Despite the high evolutionary divergence of these homologous proteins, we compared the protein structures obtained for BW-1 to those obtained from the analysis of two Alphaproteobacteria species to determine their conservation degree. The structural and functional characterization of MamBQH-2 and MamMMSR-1 metal-binding sites in previous studies showed that both proteins share a central-binding site (C.B) located at the center of the dimer cavity [14,21,28] C.B within MamBQH-2, composed of His245, Asp247, and His283, and at the same positions within the homolog MamMMSR-1 located at Trp247, Asp249 and His285 respectively (Trp247 may be involved due to pi interactions [37]). Besides, MamMMSR-1 also has a peripheral metal-binding-site (P.B), composed of Glu289 and His264 from each monomer, and was suggested to be more significant for protein regulation than the C.B [28]. Although the protein sequences show a certain variance, the putative MamBBW-1 and MamMBW-1 C.B and MamMBW-1 P.B are located at the same physical location as described for Alphaproteobacteria, yet minor changes in the amino acid composition can be found. Putative BW-1 C.B is composed of Glu271 (MamMBW-1) or Glu224 (MamBBW-1) from each monomer. These locations are equivalent to Asp 249 (MamMMSR-1) and Asp247 (MamBQH-2) (Fig 2B) [14,28]. Trp269, Val307 (MamMBW-1) and Glu222, Lys260 (MamBBW-1) are also located at the hypothetical metal-binding site but are not predicted to be involved with metal chelation. In MamMBW-1 the putative P.B is composed of Glu311 and Glu286 from each monomer (to MamMMSR-1 Glu289 and His264 respectively) [28] (Fig 2C). Moreover, these putative metal-binding sites are supported by the electrostatic potential map that showed negative-charge patches within MamMBW-1 center of the V-shaped dimer cavity and in the periphery above the V-bottom (Fig 4C). Such electrostatic-potential distribution can fit the metal-binding site as shown for MamMMSR-1 and MamBQH-2 (Fig 4A and 4B). Overall, based on our analysis, it can be assumed that the composition of amino acids within MamBBW-1 and MamMBW-1 putative metal-binding sites are suitable to coordinate and bind metal ions.
To summarize our results, we characterized and determined the crystal structures of MamB and MamM proteins from a Deltaproteobacteria species ancestral to the Alphaproteobacteria species from which homologous proteins were originally characterized. Overall, all the different analyses indicate that MamBBW-1 and MamMBW-1 share high structural conservation with the well-characterized Alphaproteobacteria proteins. Therefore, it is reasonable to hypothesize that these proteins will have a similar function within the Deltaproteobacteria species.

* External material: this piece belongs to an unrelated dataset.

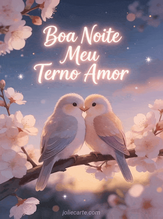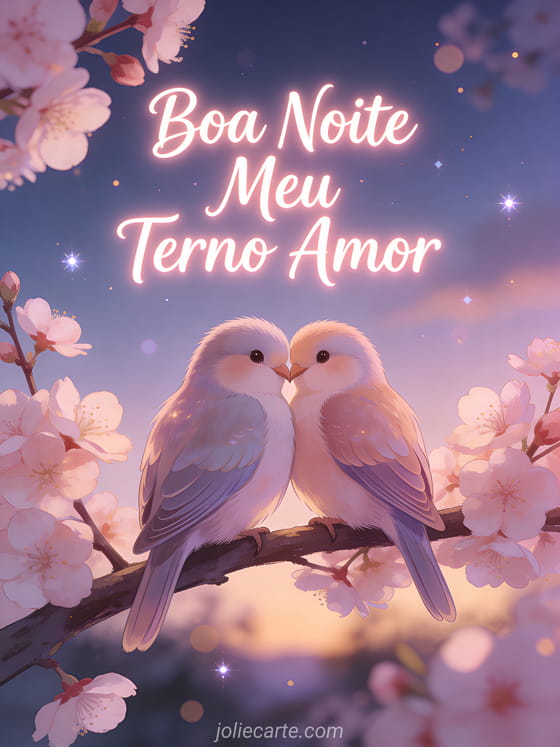 Envie um ternoso boa noite meu amor terno com este lindo cartão grátis. Dois pássaros inseparáveis aninhados juntos num galho de cerejeira em flor ao crepúsculo, para uma boa noite suave e afetuosa. Descubra também um cartão boa noite gif amor ou um cartão boa noite meu bem mensagem de amor.

Although unlike previous studies, different protein oligomerization states were observed, and we assume that within the bacteria the high protein concentration, ion presence and other membrane-protein and protein-protein interactions will stabilize MamB and MamM as dimers. Further to this work, it is still unknown whether BW-1 MamB and MamM from the greigite cluster will also show structural and functional conservation, and how they relate evolutionarily to their homologs. Such future work will help to understand how a complex organelle like the magnetosome evolved and synthesized.
Experimental procedures
Bacterial strains and plasmids for in vitro characterization
Bacterial strains and plasmids used in this study are listed in S4 Table. All strains were cultivated in Luria broth (LB, E. coli), as described previously [14].
Phylogenetic analyses
The genome of 47 complete genomes representing magnetotactic and non-magnetotactic Deltaproteobacteria and Proteobacteria were selected and downloaded from the public database NCBI (https://www.ncbi.nlm.nih.gov). This database was completed with the genome of BW-1 strain and that of 7 species representing the Epsilonbacteraeota [38], a novel phylum proposed as ancestral to Proteobacteria [38,39] composed of the Epsilonproteobacteria and the Desulfurellales. The sequences of 53 bacterial riboproteins [40] (RP) were retrieved from all genomes using the HMMER 3.2.1 software [41,42] and the hidden Markov model (HMM) profiles available in PFAM database [43] (http://pfam.sanger.ac.uk/) to reconstruct the species phylogeny. Paralogous sequences were excluded. RPs were individually aligned with the MAFFT software [44] and trimmed using Gblocks software [45] before their concatenation into a single alignment of 6 442 positions among which 5 771 were polymorphic. All RPs were present in at least 90% of the genomes. A Maximum-Likelihood tree was built with the IQ-TREE software [46] and the model LG+R7 for describing amino-acids evolution that was selected using ModelfFinder [47] and the BIC criterion. 500 replicates of a non-parametric bootstrap approach were conducted to test the robustness of the tree topology.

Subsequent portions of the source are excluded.